▶ [Activity]: Type out the lines below exactly, pictures excluded.

▶ [Collected material]:
>>>>>
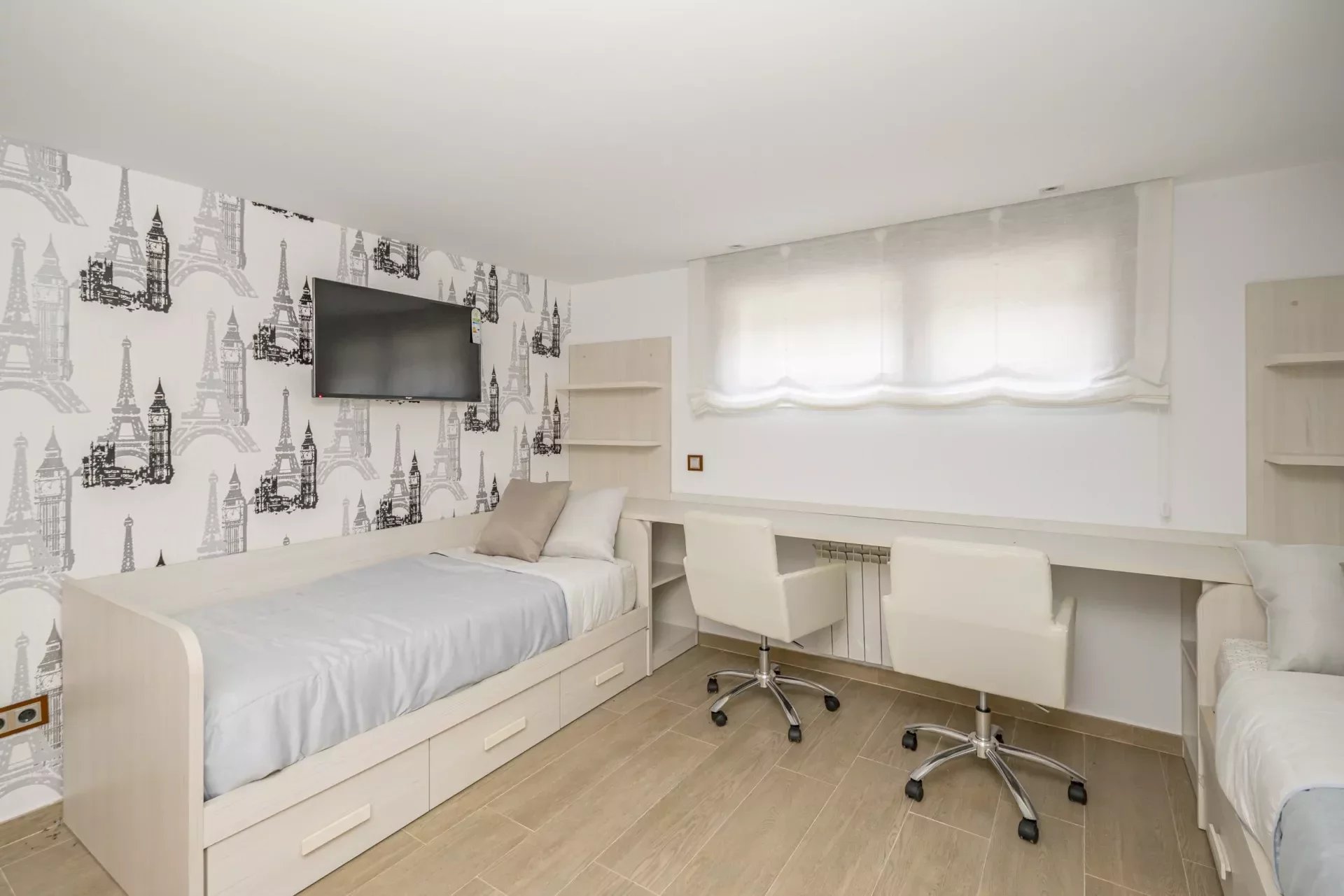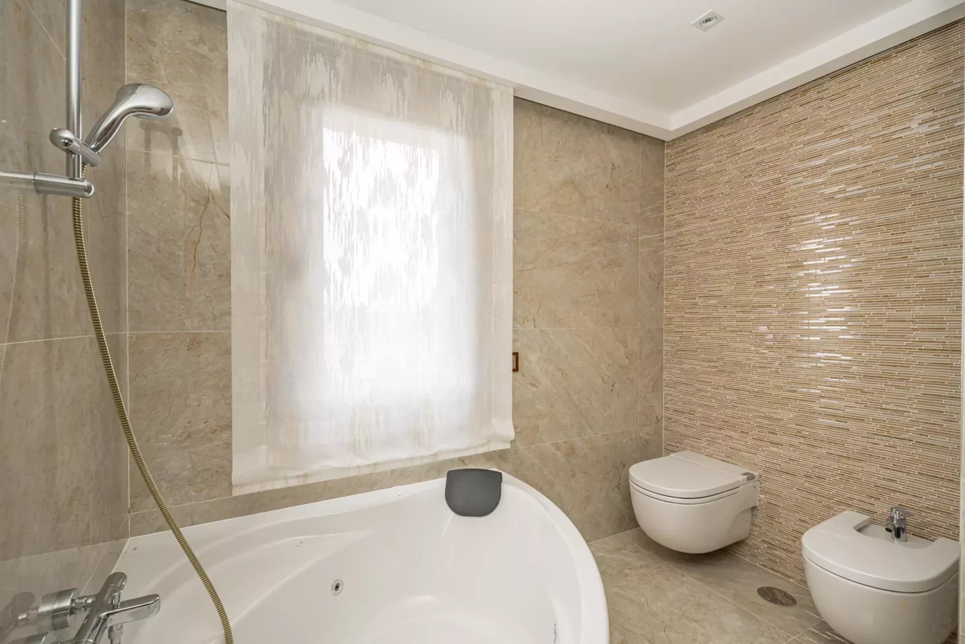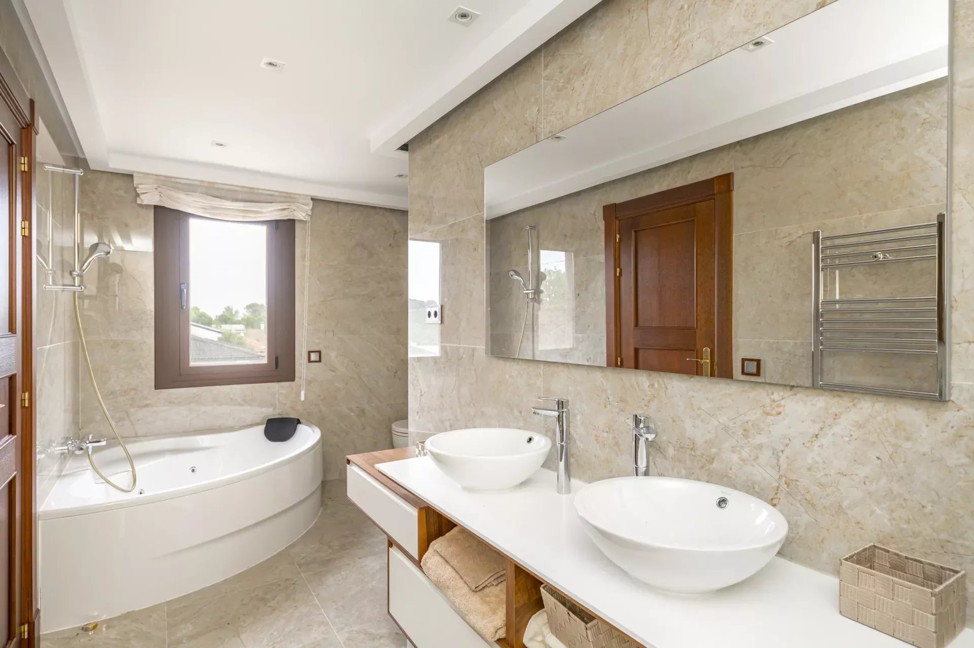 The second and third bedrooms are comfortably sized and share a large bathroom, which also has a jacuzzi bathtub and a walk-in shower. The bedrooms have C5 wooden flooring in the bedrooms which adds warmth.
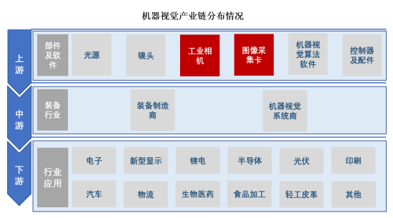 机器视觉行业内上游企业专注于与机器视觉相关的软硬部件的生产与研发。其中,硬件包括光源、镜头、工业相机、图像采集卡以及控制器及配件等;软件包括图像处理软件以及底层算法平台等构成的机器视觉软件及算法。
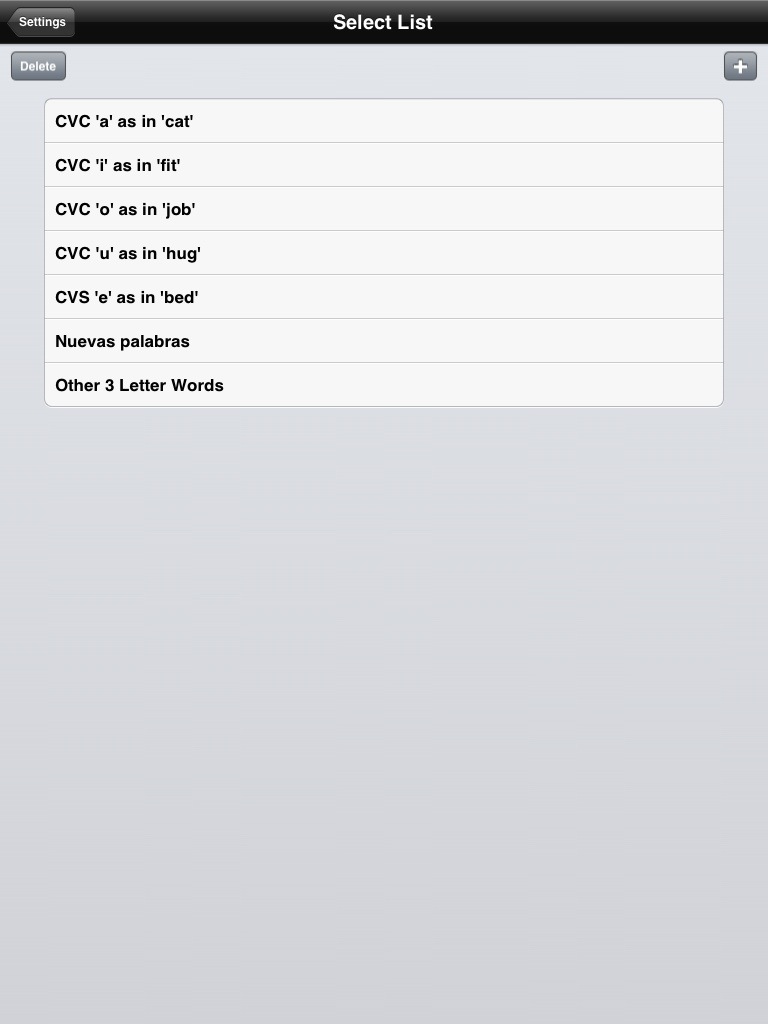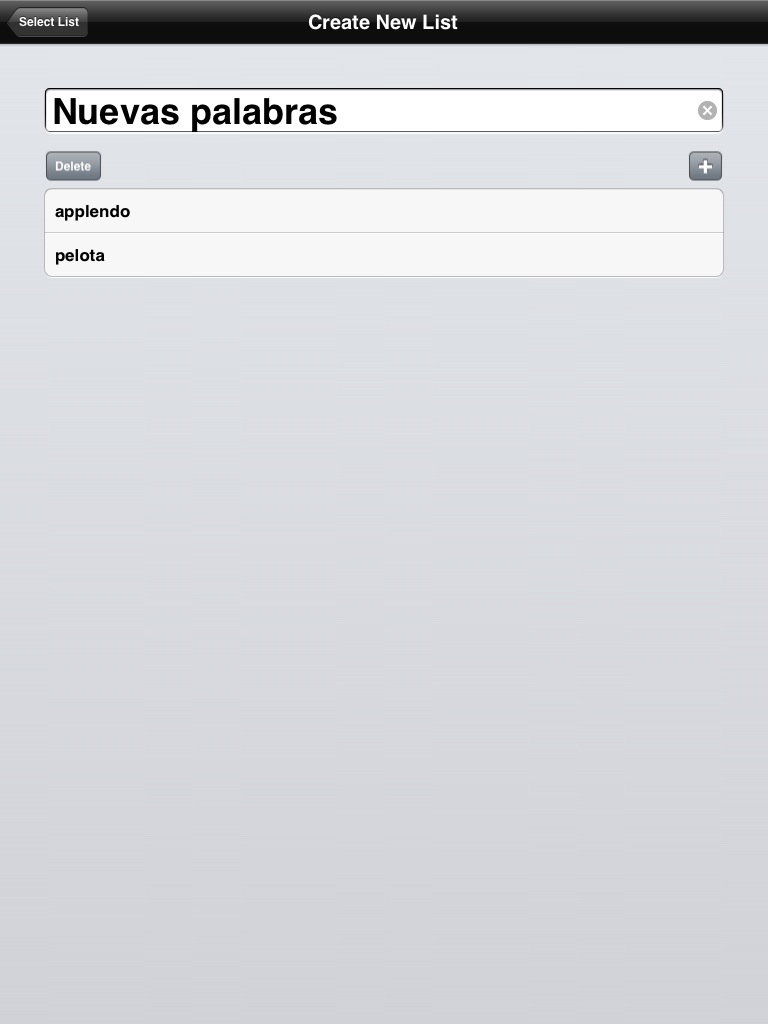 Si queremos borrar una palabra de la biblioteca o una lista de palabras completa, tan sólo tenemos que deslizar el dedo de izquierda a derecha sobre cada elemento y aparecerá un botón rojo don la palabra «delete» (borrar), si pulsamos este botón rojo desaparecerá el elemento o lista y no se podrá recuperar, así que ojo con lo que hacemos….
<<<<<
▶ [Answer]:
 The second and third bedrooms are comfortably sized and share a large bathroom, which also has a jacuzzi bathtub and a walk-in shower. The bedrooms have C5 wooden flooring in the bedrooms which adds warmth.
 机器视觉行业内上游企业专注于与机器视觉相关的软硬部件的生产与研发。其中,硬件包括光源、镜头、工业相机、图像采集卡以及控制器及配件等;软件包括图像处理软件以及底层算法平台等构成的机器视觉软件及算法。
 Si queremos borrar una palabra de la biblioteca o una lista de palabras completa, tan sólo tenemos que deslizar el dedo de izquierda a derecha sobre cada elemento y aparecerá un botón rojo don la palabra «delete» (borrar), si pulsamos este botón rojo desaparecerá el elemento o lista y no se podrá recuperar, así que ojo con lo que hacemos….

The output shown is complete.